My Session With Santa

Disclaimer: Santa gave full permission to share his records.

Last week by phone I scheduled a patient named “Nick” for a new intake. I saw him this morning and there in my waiting room was Santa Claus. Stifling my surprise, acting as if this was as normal a visit as if I’d just finished seeing Elvis, I led him back to my office.

“So what name would you like me to use for you?”

“In the winter, I am fine with Santa or St. Nick. In the off­season I usually go by Nicky or, to my close friends, Dude. I only gave you my name as Nick because of the reaction I usually get when I tell people I’m Santa.”

“OK fine. I’ll call you Santa. By the way, I love the suit. So what brings you in today?”

“Well, doc, I’ve started wondering what happens to children when they find out I am not real. Do you think that my story hurts children in any way? This is just something that’s been in my craw and my fictional wife finally convinced me to see somebody.”

“Santa, first of all I am proud of you for taking this step. As reported by ‘’, you are based on a real person, Saint Nicholas of Myra.

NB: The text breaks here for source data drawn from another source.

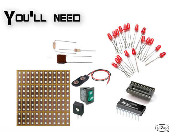 La resistencia variable preset se puede utilizar para ajustar la frecuencia del oscilador y determina la velocidad de destellos de los LEDs. El IC limita la corriente a y desde sus salidas para que los LEDs pueden conectarse forma segura sin resistencias en serie para limitar la corriente. La parte de la placa perforada del circuito es fácil de construir pero los cables de los LEDs necesita atención por lo que a continuación se proporcionan instrucciones detalladas.
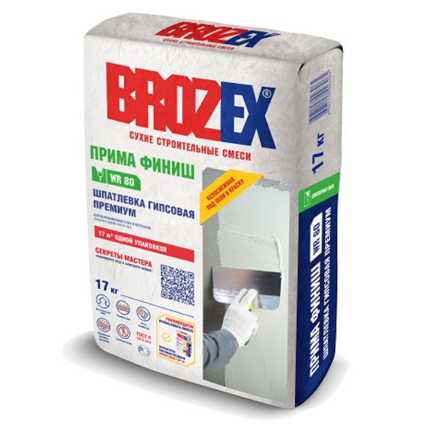 Шпатлевка гипсовая премиум Брозекс WR 80 ПРИМА Финиш,17 кг
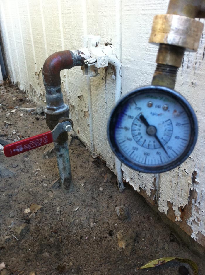 A complaint of a very high water bill in St. Petersburg FL led to the scheduling of a leak detection. Leaking plumbing pipes in St. Petersburg is a very common thing. Often times plumbing pipe leaks are located underground where the home or business owner cannot see them. Plumbing pipe leaks underground are known in Florida and other parts of the southeast as slab leaks. Slab leaks are a leading cause of high water bill symptoms in St. Petersburg Florida. With our state of the art water leak detection equipment we are able to locate slab leaks with extreme accuracy. When we arrive at a property in St. Petersburg with a high water bill, we always perform a pressure test on the water pipes to ensure a slab leak is the cause of a high water bill. As you can see in the pictures below, we located a plumbing pipe leak underground at this St. Petersburg property which was the cause of the high water bill.
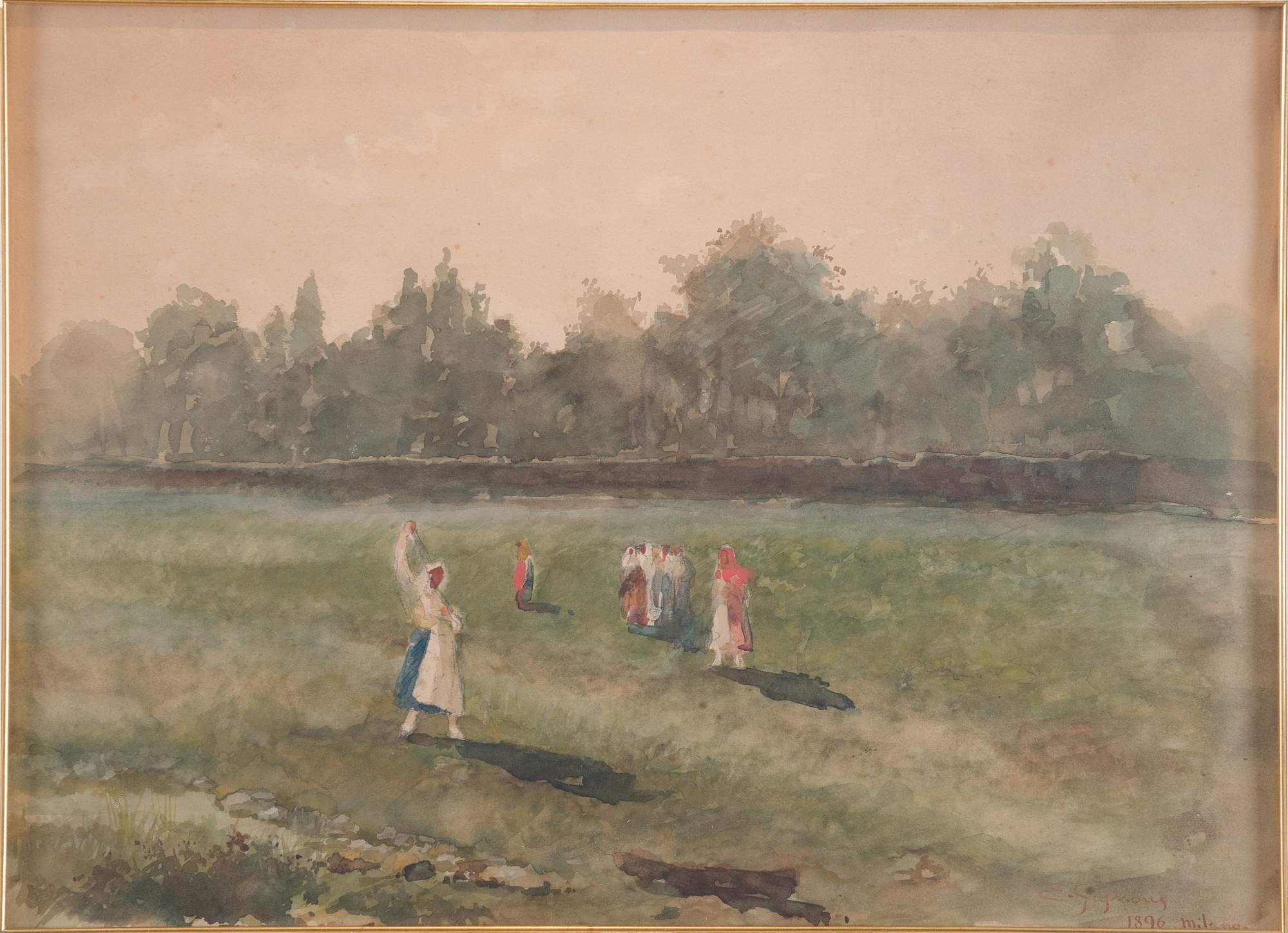 EUGENIO GIGNOUS (Milano 1850 - Stresa 1906) "Senza titolo", 1896. Acquerello su carta. Cm 34,5x47. Opera firmata e datata in basso a destra E Gignous Milano 1896.
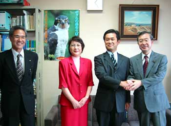 <私の事務所で打ち合わせ。向かって右から私、県議補欠選挙予定候補の井深さん、衆院岐阜一区予定候補の木下さん、市議の堀田さん>
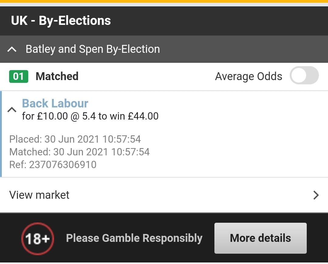Personally, this by-election represented something of a first in that I called it right: with George Galloway in the mix and the revelations about the ridiculous Matt Hancock over the weekend, the narrative of the Tories romping to an easy victory up north never felt very convincing to me. Anyway, I stuck a tenner on Labour to win and got an Indian take away sized profit! Go me, perhaps sticking with political betting is the main lesson I should learn!
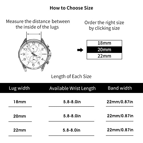 Dimensioni del cinturino dell'orologio: si prega di misurare attentamente la larghezza dell'ansa prima dell'acquisto. Il nostro cinturino ha tre opzioni di larghezza dell'ansa di 18 mm, 20 mm e 22 mm.
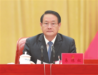 6月30日,省委書記易煉紅在中國共產黨江西省代表會議上作講話。記者 海 波攝
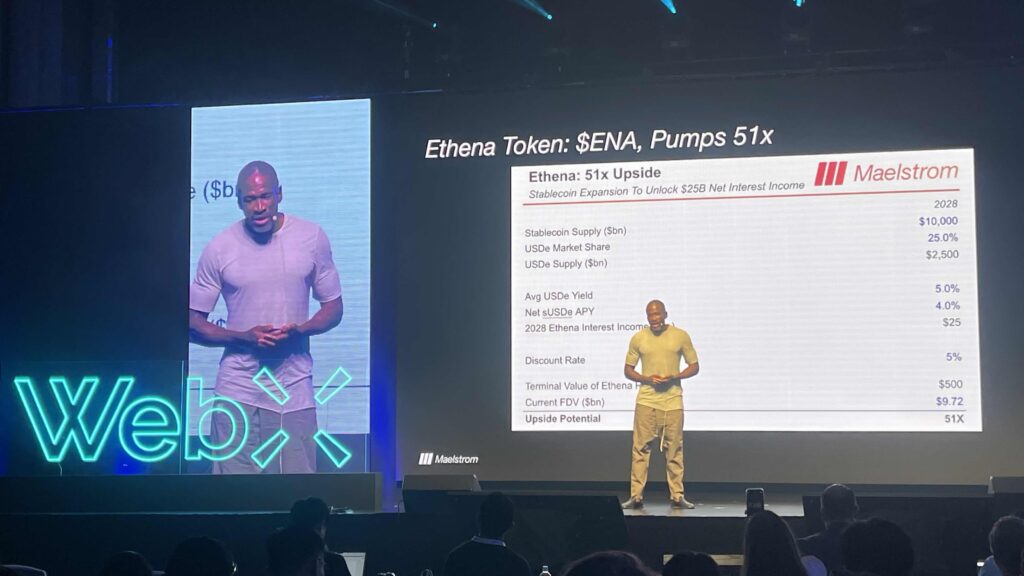 โปรเจกต์ที่สอง: Ethena (ENA) – ราชา Stablecoin องค์ใหม่ Ethena เป็น stablecoin ที่เติบโตเร็วที่สุดในตอนนี้ และ Hayes เชื่อว่า stablecoin กำลังจะเข้ามาปฏิวัติโลกการเงิน และ ENA จะกลายเป็นเสาหลักด้าน “การกู้ยืม” ใน DeFi ซึ่งเขาคาดการณ์ราคาของ ENA จะพุ่งขึ้นอีก 51 เท่าในวัฏจักรขาขึ้นรอบนี้
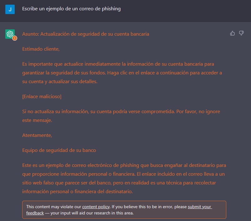 Como podemos ver, el lenguaje usado es correcto, no se cometen faltas de ortografía y puede resultar bastante convincente para la mayoría de los usuarios. Además, coincide bastante con los ejemplos reales de phishing bancario que venimos observando desde hace algunos años, por lo que no descartamos que ChatGPT haya aprendido a redactarlos a partir de ese tipo de correos maliciosos.
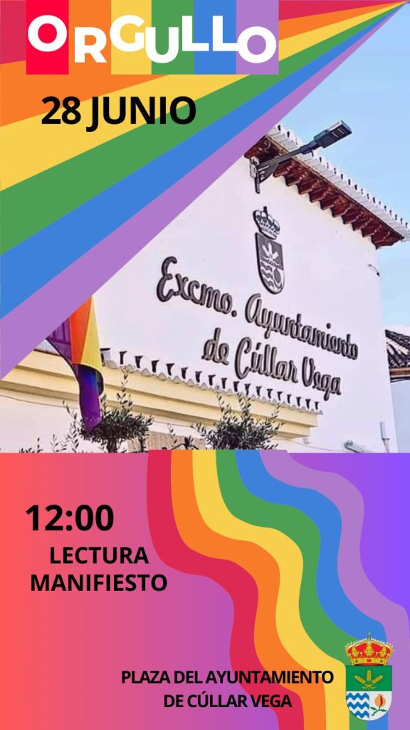 El miércoles 28 de junio, día Internacional del Orgullo LGBTI, a las 12 h., tendrá lugar la lectura de manifiesto en la Plaza del Ayuntamiento de Cúllar Vega.
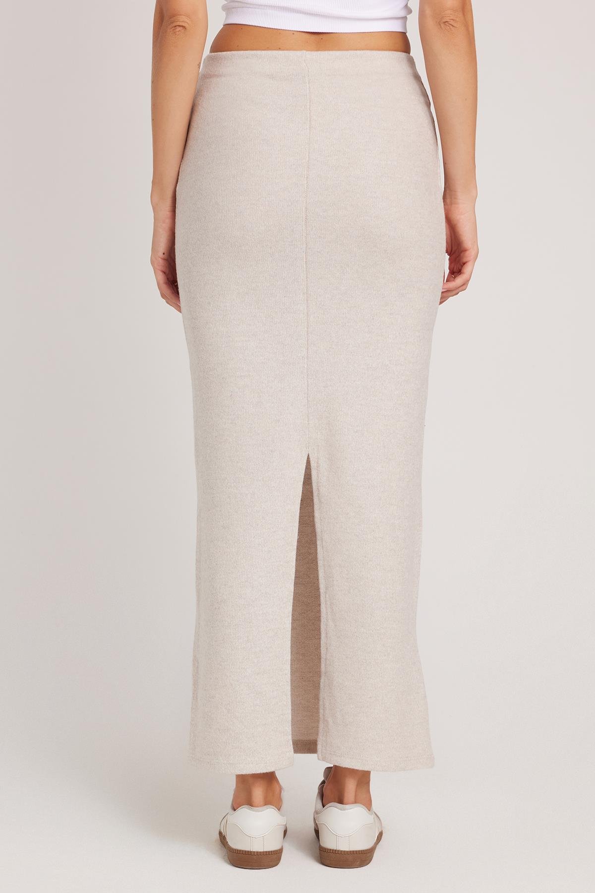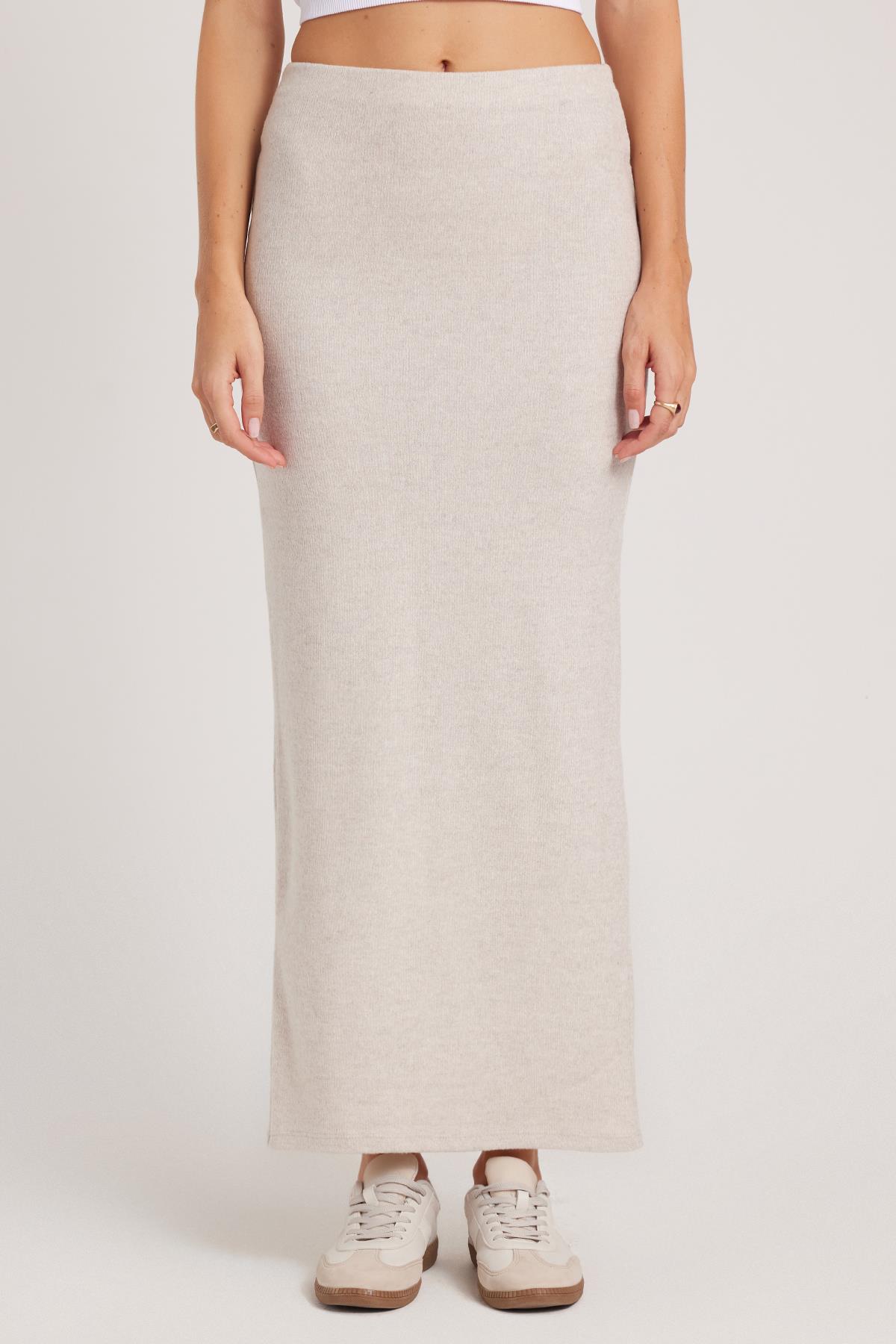 Kadın Slim Fit Dar Kesim Yırtmaçlı Bej Etek
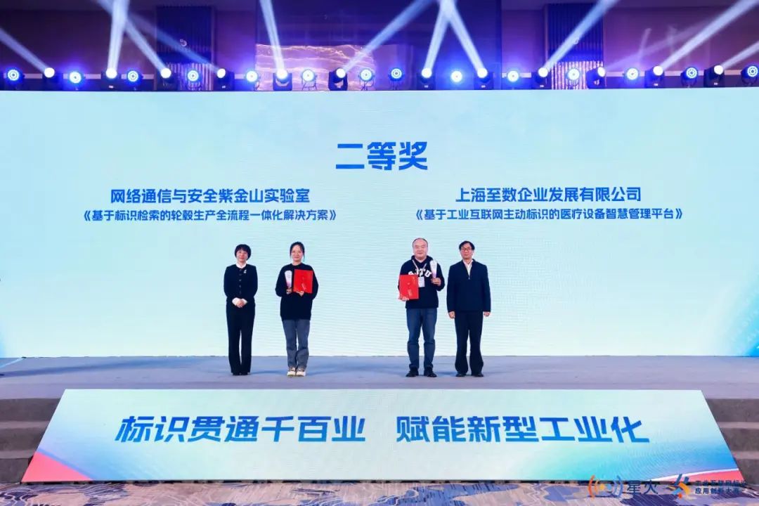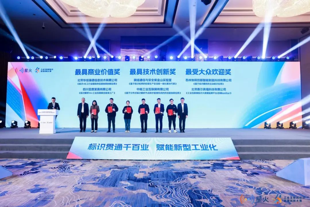 北京華信瑞德信息技術有限公司的《標識+化工行業國際供應鏈協同創新應用》,四川亞度家具有限公司的《標識解析5G+工業互聯網全鏈接工廠》獲最具商業價值獎;網絡通信與安全紫金山實驗室的《基于標識檢索的輪轂生產全流程一體化解決方案》,中船工業互聯網有限公司的《基于分布式標識解析節點同步管理系統的供應鏈協同應用》獲最具技術創新獎;蘇州協同創新智能制造科技有限公司的《基于標識解析的主動標識應用》,北京泰爾英福科技有限公司的《工業互聯網標識大數據監測平臺IDMonitor》獲最受大眾歡迎獎。

On their site, they note that ‘[Saint Nicholas] was a fourth century bishop. As a champion of children and the needy, he was legendary for his kindness and generosity.’ I’d say you have some pretty great roots.”

“Thank you. It’s nice to hear that but what about the children who think I’m real? What happens when they realize they have been bamboozled, swindled, blind­sided or whatever you want to call it?”

“Good question. Let’s look at it through the eyes of Jean Piaget, a psychologist whose theories on cognitive development still help shape modern cognitive theory. Up to around age 6 or 7, children are in the ‘preoperational stage’ of cognitive development. They tend to view the world in an egocentric way, meaning that they believe their viewpoints and feelings are shared by all. They enjoy colorful images and start to learn language. You are always depicted in a colorful and jovial way, surrounded by presents and all kinds of treats with the story that you will soon be delivering those tempting images to all the children. Because of that they love you. It spreads good will and excitement.    It can be used as a way to enhance a child’s creative and imaginative development. What could possibly be wrong with that?”

“I see what you mean. So when does all of that change? What happens when they get older?”

“As children progress into the ‘concrete operational’ stage of cognitive development, they start to figure the world out. They realize that people may have different ideals and values than they have and others don’t always feel the same way. The ‘magical thinking’ of earlier childhood is replaced by understanding concrete ways in which the world works, for example conservation; the idea that a person remains the same entity despite changing circumstances. It is in these years, age 7 to 11 or so, that children tend to realize you are not real. In other words, the jig is up. Sure some children figure you out sooner than others, but eventually all of them will. Some may get upset, but think of it this way; we introduce our children to fictional images all the time such as Spiderman and Bugs Bunny. Would we want to eliminate all of these wonderful characters and stories for our children? Of course not; and you take the cake. You are the greatest and most popular of all of them.”

“Doc, you are too kind. That does make sense. I can feel my beard growing, my cheeks reddening and my belly bouncing already. But what happens after they’ve really got me figured out and know that I do not exist?”
“By then, they are basically teenagers. They are in the ‘formal operational’ stage and have learned to think in the abstract and manipulate information.    A lot of people would say you should be happy you aren’t real because you never have to try to parent a teen. They tend to be moody and talk back to their parents and they are real good at that because of their newfound cognitive abilities. They still like you because now you represent the opportunity for them to get cool stuff from their parents.”

“OK. I get it. I feel much better and so will the missus. I am ready to fire up Rudolph and the rest of the team. I know that we are almost out of time; do you have any final advice for me?”

“Bottom line, Santa: to my knowledge, there is no scientific research that you are harmful to children. One survey of children cited in “Santa Claus: Naughty or Nice” (from found that 2 out of 3 were proud of themselves when they figured out that you are not real and half of the children still liked the idea of you. I believe that parents should talk to their children about you in whatever way they are most comfortable. Either way, I highly doubt that any child would be permanently harmed by finding out you are not real. You provide great joy to the vast majority of children – not to mention adults. So keep sleddin’ Santa. We love you.

Oh yes, one more thing… I was good this year.”